Fédou et al. ont également traité le problème de la densification d’un pore modèle par du SiC à partir du MTS [10,11,12]. La cinétique considérée a été déterminée par Shoch et al. [13]. Un ajustement sur cette cinétique d’ordre 1 a été nécessaire pour un bon accord avec l’expérience, ce qui montre l’influence d’autres réactions chimiques non prises en compte. De même qu’une baisse de la température, une diminution de la longueur du pore mène à une meilleure uniformité du dépôt. Tsai et Desu ont repris les résultats expérimentaux de Fédou et

al. et ont montrés que leur modèle faisant intervenir le dépôt de SiC, soit directement à partir

du MTS, soit à partir d’un intermédiaire réactionnel, donnait des résultats corrects [14].

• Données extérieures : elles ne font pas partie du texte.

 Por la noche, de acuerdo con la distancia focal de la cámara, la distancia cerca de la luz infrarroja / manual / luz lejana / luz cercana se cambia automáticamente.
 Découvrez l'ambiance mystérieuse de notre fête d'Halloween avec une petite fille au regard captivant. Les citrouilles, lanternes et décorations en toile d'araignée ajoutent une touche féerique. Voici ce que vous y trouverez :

Grujicic a utilisé une approche tout à fait similaire dans le cas de la densification d’un pore par du TiB2 [15]. Il montre que la diffusion de Knudsen a un rôle important dans les conditions de son étude, et doit donc être prise en compte dans les calculs.

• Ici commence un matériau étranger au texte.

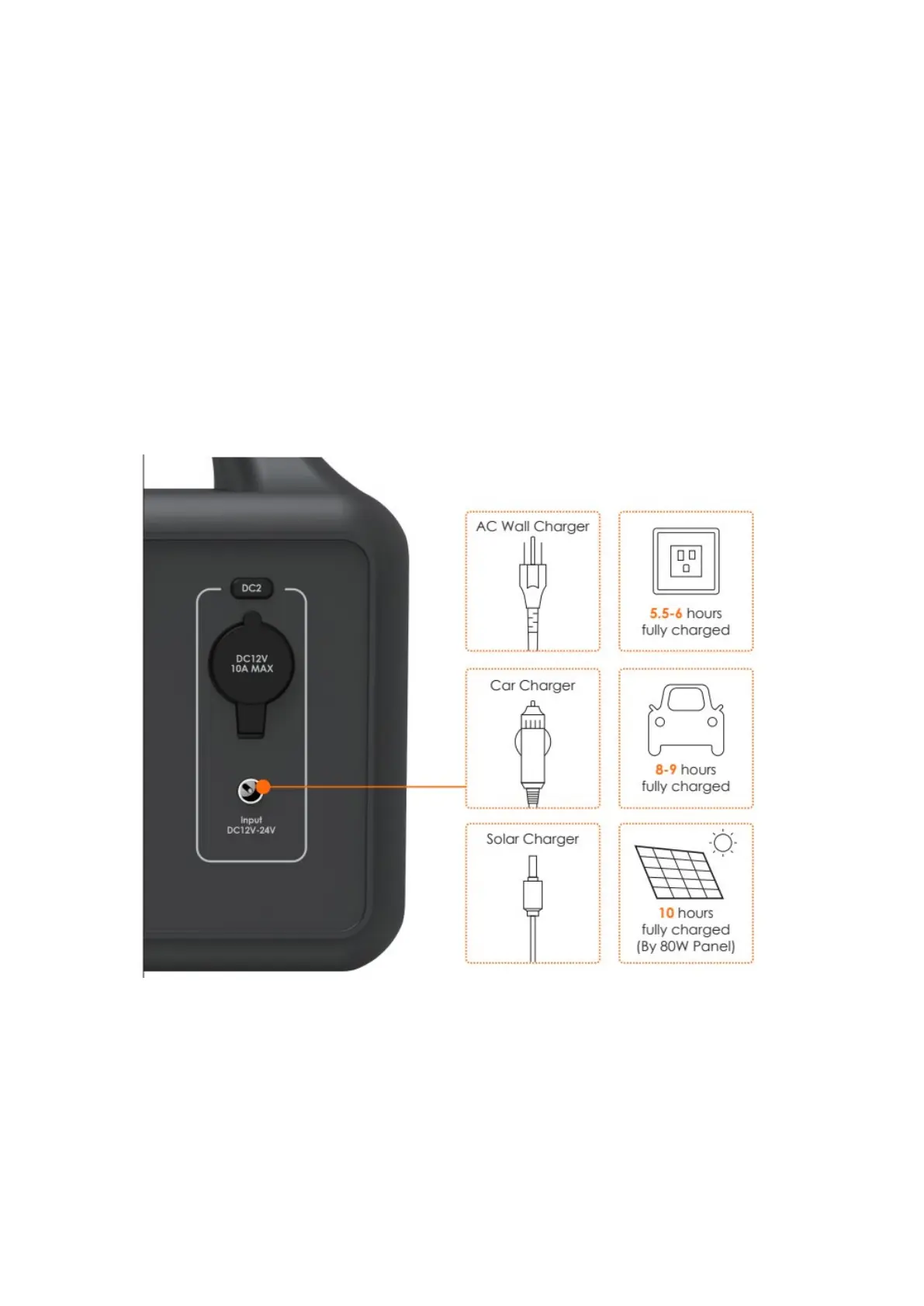 Please NOTE-Charging time depends on the solar panel's wattage and the sun's intensity.

Dekker et al. [16] ont travaillé sur les dépôts de TiN, TiB2 et TiC. Ils ont envisagé plusieurs schémas cinétiques possibles, faisant intervenir ou non des étapes intermédiaires d’adsorption, pour les comparer aux densifications expérimentales de capillaires.

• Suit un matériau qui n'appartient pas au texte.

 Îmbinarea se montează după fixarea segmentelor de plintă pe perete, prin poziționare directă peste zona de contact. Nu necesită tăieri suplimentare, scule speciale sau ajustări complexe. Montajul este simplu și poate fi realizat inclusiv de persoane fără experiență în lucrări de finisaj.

Chang et al. se sont intéressés à l’optimisation de la densification d’un pore par du SiC à partir du précurseur MTS [17]. Ici, le transport diffusif a été modélisé avec une certaine rigueur, en utilisant le Dusty Gas Model (cf. II.2.4.3). Ils ont testé plusieurs modèles chimiques, avec notamment différents ordre réactionnels par rapport au MTS, et montré que le choix du modèle pouvait avoir une influence notable d’une part sur les profils de dépôt calculés, et d’autre part sur la pression optimale déterminée (pour une bonne uniformité en un temps de densification minimum).

Enfin, encore dans le cadre de la CVI du SiC à partie du MTS, Gupte et Tsamopoulos [18] ont montré que l’on peut obtenir un très haut degré de densification en imposant un gradient de température le long du pore. En effet, l’élévation de température vers l’intérieur du pore permet de compenser l’appauvrissement du réactif que l’on observe en conditions isothermes. Ces travaux consacrés à la densification de pores modèles sont d’un grand intérêt, notamment pour étudier l’influence des conditions opératoires sur la cinétique de dépôt, mais ils ont leurs limites. En effet, les préformes fibreuses utilisées dans l’industrie sont des milieux très complexes, qu’un simple pore modèle ne saurait représenter fidèlement. Des modélisations de densification de tels milieux ont donc été entreprises.